Judge Michael Steele by These Criteria
The main subtext at the Southern Republican Leadership Conference in New Orleans is the question about whether Michael Steele needs to get his butt out of town. The SRLCers include at least half of the Republican National Committee. Here's what they're asking each other:
(1) Is Steele going to leave any seats on the table? This means: the RNC usually transfers a significant amount of money to the National Republican Senatorial Committee and the National Republican Congressional Committee in the fall. This money has one main purpose: it allows both committees to expand the number of seats in play. With control of the House at stake, a few million dollars from the RNC could make the difference in marginal raises. Right now, the RNC has about $11 million cash on hand. By the fall, Steele will need to have about $30 million or so to satisfy expectations and to run a competent ground game...
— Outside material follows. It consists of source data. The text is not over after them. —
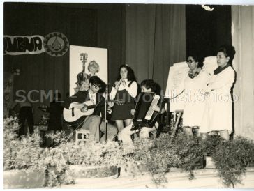 Observam-se três crianças em palco, a cantar e a tocar diversos instrumentos.
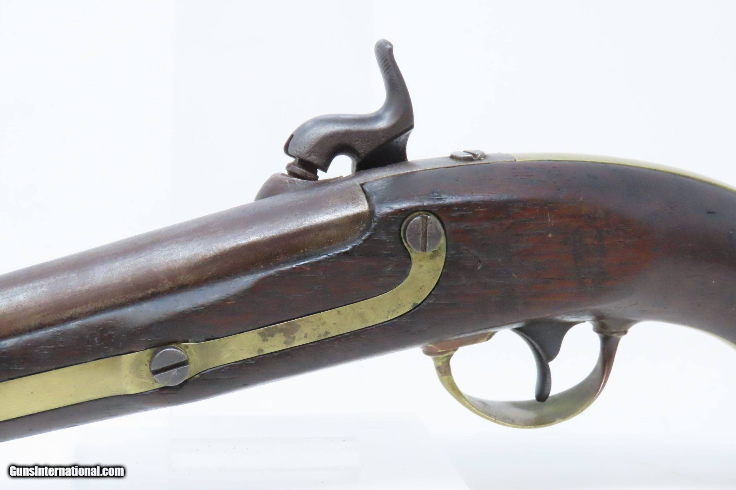 Description: 1851 HENRY ASTON US Contract Model 1842 DRAGOON .54 Cal. Smoothbore Pistol Antebellum Percussion U.S. Military Contract Pistol Here we present an antique Henry Aston U.S. Contract Model 1842 Dragoon’s Percussion Pistol, made in 1851 in Middletown, Connecticut. Henry Aston was a gunmaker from Middletown who received a government contract to produce 24,000 Model 1842 pistols in his first contract for the firearm that spanned from 1846-1851. Between 1851 and 1852, he received a second contract for an additional 6,000 units. Because of the overlapping 1851 dates, it is unclear if this example is from the first 24,000 or from the second 6,000. The Model 1842 saw service during a time of great change and increasing tension, as well as firearms innovation. The Mexican-American War (1846-1848), the numerous conflicts with Native Americans, annexing of new territory, the rising blood-pressure over slavery, and a quick 36% population increase that all culminated in the blood-letting of the American Civil War. This was the first official percussion pistol to be adopted by the U.S. and simultaneously the last large smooth bore single shot pistol. By 1845 it was the primary issued weapon to the First and Second Regiment of Dragoons, replacing many of their Model 1836 flintlocks, just in time for the Mexican-American War. The Model 1842 was the last single shot smoothbore pistol issued by the U.S. Army. The 1842 features sturdy construction with lots of brass for support. This was important during a time when one would expend their shots and still have a fight on their hands. Striking your opponent with the pommel of your gun was quite effective. The ramrod is captive, so that it would not be lost in the heat of battle on top of a horse. Many of these were used, especially initially, by both sides during the American Civil War. The overall condition is good. This example sports a solid stock/grip with an expected amount of wear. Cartouche remnants can be seen on the left wrist. Legible markings. “1851” dated lock. The bore is in good shape for its age. Strong action. Own the original! This is a legitimate antique and not a reproduction. Barrel is 8-1/2 inches. Caliber: .54 Percussion Overall condition as seen in photos. Very Fast. Very Safe. FREE SHIPPING WORLDWIDE. Delivered directly to your door by express mail! Guaranteed AUTHENTIC & Includes CERTIFICATE OF AUTHENTICITY. ancestryguns $1400 #217303 SOLD Antique: Yes |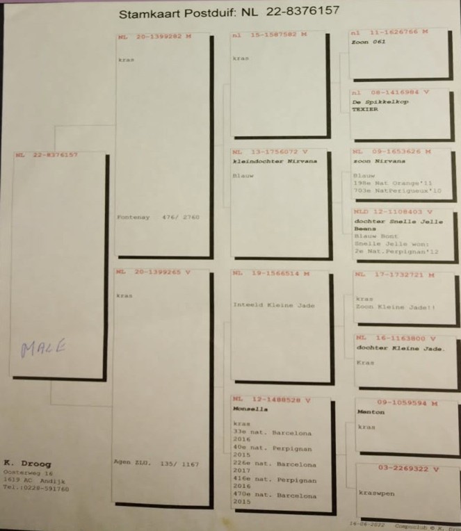 Pédigrée K DROOG (NL) ( Gd Père maternelle)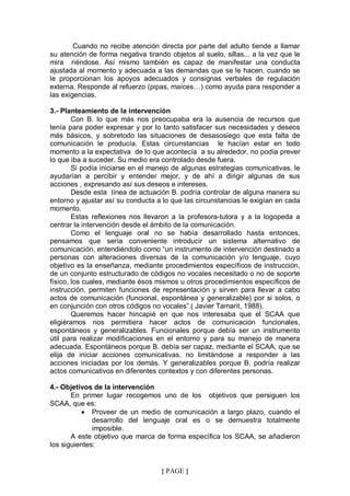 Este documento describe el uso del sistema de comunicación PECS (Picture Exchange Communication System) con un estudiante llamado B. que no tiene lenguaje oral debido a un trastorno generalizado del desarrollo. El objetivo del uso de PECS era proporcionar a B. una forma de comunicación y regular su conducta disruptiva. PECS involucra el intercambio de tarjetas con imágenes para hacer peticiones. Tras implementar PECS, la conducta de B. mejoró a medida que podía comunicar mejor sus necesidades.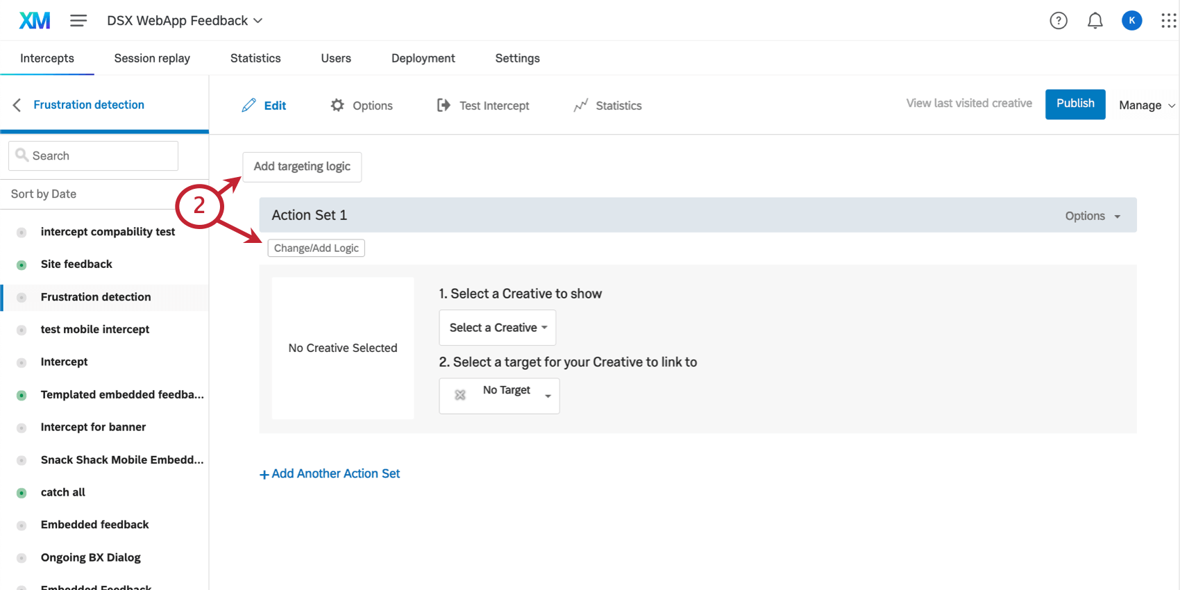 Qtip: Frustration targeting only works on pages where Digital Experience Analytics is active. In addition to this, a session that is not sampled cannot use frustration targeting logic. Learn more about sampling and page groups. - If you’re using an individual intercept, add logic to the entire target or to an individual action set.

(2) The ground game. A good ground game -- identifying, targeting and persuading voters -- can add between 3 and 7 percentage points to a margin of victory. The RNC usually coordinates the field operation in Congressional elections. This year, the committees are working more directly with the state parties; the state parties are relying more on off-the-shelf information for their own targeting; Steele has cut the RNC's political budget, and it's not clear whether the RNC will be able to mount the type of operation that has earned it the "vaunted" adjective in the past. Still, the party has a lot of faith in RNC political director Gentry Collins, and his presentations to donors and RNC members have been impressive.
(3) Redistricting. The RNC plays a critical and fairly unseen role in redistricting. They provide Republicans, in states, with the sophisticated data sets needed to most favorably draw district boundaries. Insiders worry that the RNC isn't ready to do this, and that Republicans will have to go elsewhere for advice. A second component here: the RNC doesn't seem to have a grand redistricting strategy; the Democrats do. A third component: the RNC doesn't seem to have a budget to handle the various legal challenges that redistricting ultimately draws.
So forget about lesbian bondage scandals for now -- pay attention to what matters, politically.